A little more: decimal_portion

Steven D'Aprano steve+comp.lang.python at pearwood.info
Sat Oct 4 17:46:03 CEST 2014


Seymore4Head wrote:

>  A little more: decimal_portion
> 
> Write a function that takes two number parameters and returns a float
> that is the decimal portion of the result of dividing the first
> parameter by the second. (For example, if the parameters are 5 and 2,
> the result of 5/2 is 2.5, so the return value would be 0.5)
> 
> http://imgur.com/a0Csi43
> 
> def decimal_portion(a,b):
>     return float((b/a)-((b//a)))
> 
> print (decimal_portion(5,2))
> 
> I get 0.4 and the answer is supposed to be 0.5.

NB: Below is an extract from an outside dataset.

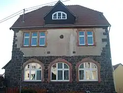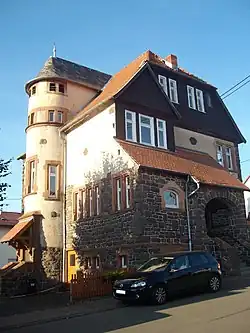 Der zweigeschossige Bau mit Kellergeschoss in Hanglage ist im Dorfzentrum errichtet. Das Walmdach hat an der Nordseite einen Zwerchgiebel. Verschiedenartige Baumaterialien kommen in dem komplexen Gebäude zum Einsatz.[1] Die Sockel und das untere Geschoss sind aus rustizierendem Bruchsteinmauerwerk aus Basalt aufgemauert. Alle Fenster haben Umrahmungen aus rotem Sandstein. Das Obergeschoss ist verputzt und hat unregelmäßige Eckquaderung und vereinzelt hervortretende Basaltsteine. Die Giebel sind verschiefert.

Hint: given arguments a=5, b=2, you want 5/2. What do you calculate? Look at
the order of the arguments a and b in the function def line, and in the
calculations you perform.

Once you fix that, I can suggest a more efficient way of calculating the
answer: use the modulo operator %

Given arguments 5 and 2, you want 0.5 == 1/2, and 5%2 returns 1.

Given arguments 6 and 2, you want 0.0 == 0/2, and 6%2 returns 0.

Given arguments 8 and 3, you want 0.6666... == 2/3, and 8%3 returns 2.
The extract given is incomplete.